Tutorial 12 RDDL and Probabilistic Planning
1. Description
This tutorial covers the use of probabilistic planning with ROSPlan. We will mainly cover thr RDDL extension, although PPDDL is also supported.
Background
For this tutorial we assume you are famliar with the RDDL language by Scott Sanner. If you are not, you can follow the following resources to learn about it:
- RDDLSim software repository: github.com/ssanner/rddlsim
- RDDL Tutorial: sites.google.com/site/rddltutorial/
- RDDL Language description: sites.google.com/site/rddltutorial/rddl-language-discription
2. Initial notes
In these examples we will use the PROST planner by Keller et al. as it was the winner in the last IPPC competition. However, you should be able to use any RDDL-based planner that uses the IPPC client-server protocol. The RDDL version of ROSPlan comes with an online dispatcher that emulates the protocol, as well as an offline version using RDDLSim. For it, we provide a RDDLSim planner interface which parses the output from RDDLSim, also making it usable with any IPPC-abled planner.
Disclaimer: PDDL Structure
When extending ROSPlan to RDDL and probabilistic planners, we wanted to keep the interface unmodified. To do so, we needed to adapt the RDDL structure to PDDL-like structure of ROSPlan’s messages. This forced some assumptions to be made, as detailed in ROSPlan’s probabilistic extension paper. This tutorial will also go over them.
However, it may be that you see ROSPlan warnings such as Unknown or unsupported operand type for the expression.
Such warnings mean that some part of the RDDL domain will not be represented in ROSPlan’s structures. Still, this shouldn’t be a big issue as the planner will receive the full RDDL domain and will plan with all the information, even when some structures are not present in ROSPlan.
Disclaimer: RDDL parser
Our RDDL parser was originally taken from PROST. The parser was forked here and we will try to keep it updated and synced with PROST’s one. However, changes or delays may be expected.

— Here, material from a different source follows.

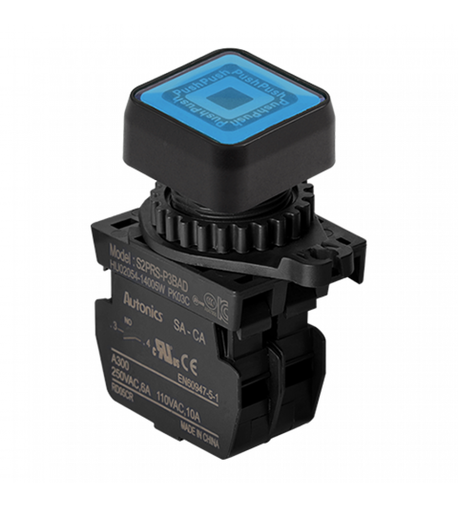 SquareType Push Button (Non-Flush,Illuminated), ?22/25, Blue, Normal Open,Single Stack, LED 100-220VAC

Given that we depend on this RDDL parser, issues in it will also be present in ROSPlan. One of the problems you may encounter is the Knowledge Base suddenly dying when planning. This is probably due to an error in your domain description that causes the parser to segfault (see PROST issue). Before opening a ROSPlan issue, please make sure that this is a ROSPlan issue. We strongly recommend that you test your domains with prost (without rosplan) to make sure they work.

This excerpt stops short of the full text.